Evaluate $$ \int \frac{\mathrm{d}x}{x\sqrt{x^2+x+1}} \cdotp $$
My attempt: $$ I = \int \frac{\mathrm{d}x}{x\sqrt{x^2+x+1}} = \int \frac{\mathrm{d}x}{x\sqrt{\left(x + \frac{1}{2}\right)^2 + \left( \frac{\sqrt{3}}{2} \right)^2}} $$
I thought completing the square would bring the integrand into some form, but it did not.

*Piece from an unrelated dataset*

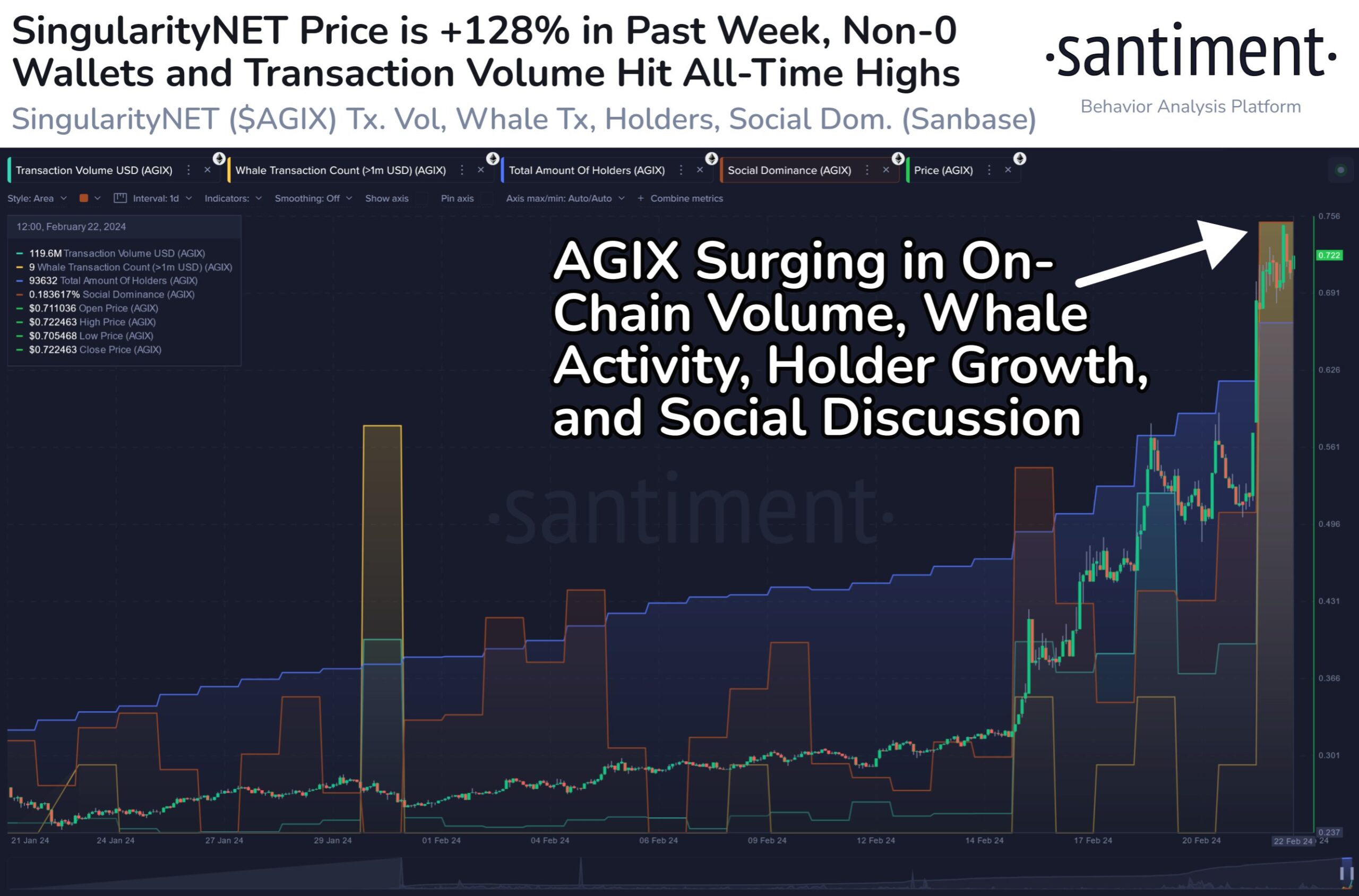 In a new post on X, the on-chain analytics firm Santiment has talked about how SingularityNET has fared in its underlying metrics, with its market cap more than doubling in its latest rally.
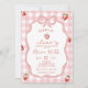 Pink Plaid Strawberry Coquette Bow Bridal Shower Invitation, Berry In Love Bridal Shower Invite, Editable Gingham Bridal Shower

Please help.
On
First use the substitution $x=\frac{1}{t}$ to get $$\int \frac{\mathrm{d}x}{x\sqrt{x^2+x+1}} =-\int \frac{\mathrm{d}t}{\sqrt{1+t+t^2}}.$$ Now complete the squares and use a tan substitution.
On
$$I=\class{steps-node}{\cssId{steps-node-1}{2}}{\displaystyle\int}\dfrac{1}{x\sqrt{\left(2x+1\right)^2+3}}\,\mathrm{d}x$$
Substitute $u=2x+1$
$$I=2{\displaystyle\int}\dfrac{1}{\left(u-1\right)\sqrt{u^2+3}}\,\mathrm{d}u$$
Substitute $u=\sqrt{3}\tan\left(v\right)$ $$I=2{\displaystyle\int}\dfrac{\sqrt{3}\sec^2\left(v\right)}{\left(\sqrt{3}\tan\left(v\right)-1\right)\sqrt{3\tan^2\left(v\right)+3}}\,\mathrm{d}v$$ $$I=2{\displaystyle\int}\dfrac{\tan^2\left(\frac{v}{2}\right)+1}{\left(1-\tan^2\left(\frac{v}{2}\right)\right)\left(\frac{2\cdot\sqrt{3}\tan\left(\frac{v}{2}\right)}{1-\tan^2\left(\frac{v}{2}\right)}-1\right)}\,\mathrm{d}v$$
Substitute $w=\tan\left(\dfrac{v}{2}\right)$
$$I=\class{steps-node}{\cssId{steps-node-2}{4}}{\displaystyle\int}\dfrac{1}{w^2+2\cdot\sqrt{3}w-1}\,\mathrm{d}w$$
$$I=4{\displaystyle\int}\dfrac{1}{\left(w+\sqrt{3}-2\right)\left(w+\sqrt{3}+2\right)}\,\mathrm{d}w$$
Hint: I know a way. The integral of form $$\int\frac{dx}{(x-n)^m\sqrt{ax^2+bx+c}}$$ could be solved by taking $x-n=1/t.$. If you do this, then the whole integral will change to a integral of form $\int\frac{P(x)dx}{\sqrt{ax^2+bx+c}}$. Try this. Tell me if you can do the last one or not.